Impact of ramucirumab plus erlotinib on circulating cell-free DNA from patients with untreated metastatic non-small cell lung cancer with EGFR-activating mutations (RELAY phase 3 randomized study)

An exploratory, proof-of-concept, liquid biopsy addendum to examine biomarkers within cell-free DNA (cfDNA) in the RELAY phase 3, randomized, double-blind, placebo-controlled study was conducted. RELAY showed improved progression-free survival (PFS) with ramucirumab (RAM), a human immunoglobulin G1 vascular endothelial growth factor receptor 2 antagonist, plus erlotinib (ERL), a tyrosine kinase inhibitor, compared with placebo (PL) plus ERL.

EGFR-activating mutation allele count was suppressed, total cfDNA concentration increased, and short fragment-sized cfDNA increased with RAM + ERL, suggesting the additional anti-tumor effect of RAM may contribute to the PFS benefit observed in RELAY with RAM + ERL vs. PL + ERL.

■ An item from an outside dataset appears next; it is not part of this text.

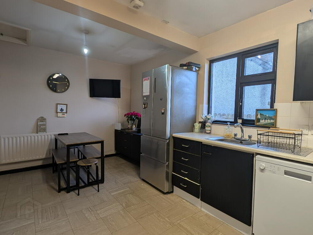 with stainless steel sink unit, low level units, plumbed for automatic washing machine

Treatment-naïve patients with endothelial growth factor receptor (EGFR)-mutated metastatic non-small cell lung cancer were randomized (1:1) to RAM + ERL or PL + ERL. Plasma samples were collected at baseline, on treatment, and at 30-day post-study treatment discontinuation follow-up. Baseline and treatment-emergent gene alterations and EGFR-activating mutation allele counts were investigated by next-generation sequencing (NGS) and droplet digital polymerase chain reaction (ddPCR), respectively. cfDNA concentration and fragment size were evaluated by real-time polymerase chain reaction and the BioAnalyzer. Patients with a valid baseline plasma sample were included (70 RAM + ERL, 61 PL + ERL).

TP53 mutation was the most frequently co-occurring baseline gene alteration (43%). Post-study treatment discontinuation EGFR T790M mutation rates were 54.5% (6/11) and 41.2% (7/17) by ddPCR, and 22.2% (2/9) and 29.4% (5/17) by NGS, in the RAM + ERL and PL + ERL arms, respectively. EGFR-activating mutation allele count decreased at Cycle 4 in both treatment arms and was sustained at follow-up with RAM + ERL. PFS improved for patients with no detectable EGFR-activating mutation at Cycle 4 vs. those with detectable EGFR-activating mutation. Total cfDNA concentration increased from baseline at Cycle 4 and through to follow-up with RAM + ERL. cfDNA fragment size was similar between treatment arms at baseline [mean (standard deviation) base pairs: RAM + ERL, 173.4 (2.6); PL + ERL, 172.9 (3.2)] and was shorter at Cycle 4 with RAM + ERL vs. PL + ERL [169.5 (2.8) vs. 174.1 (3.3), respectively; P<0.0001]. Baseline vs. Cycle 4 paired analysis showed a decrease in cfDNA fragment size for 84% (48/57) and 23% (11/47) of patient samples in the RAM + ERL and PL + ERL arms, respectively. Conclusions: EGFR-activating mutation allele count was suppressed, total cfDNA concentration increased, and short fragment-sized cfDNA increased with RAM + ERL, suggesting the additional anti-tumor effect of RAM may contribute to the PFS benefit observed in RELAY with RAM + ERL vs. PL + ERL.

ClinicalTrials.gov; identifier: NCT02411448.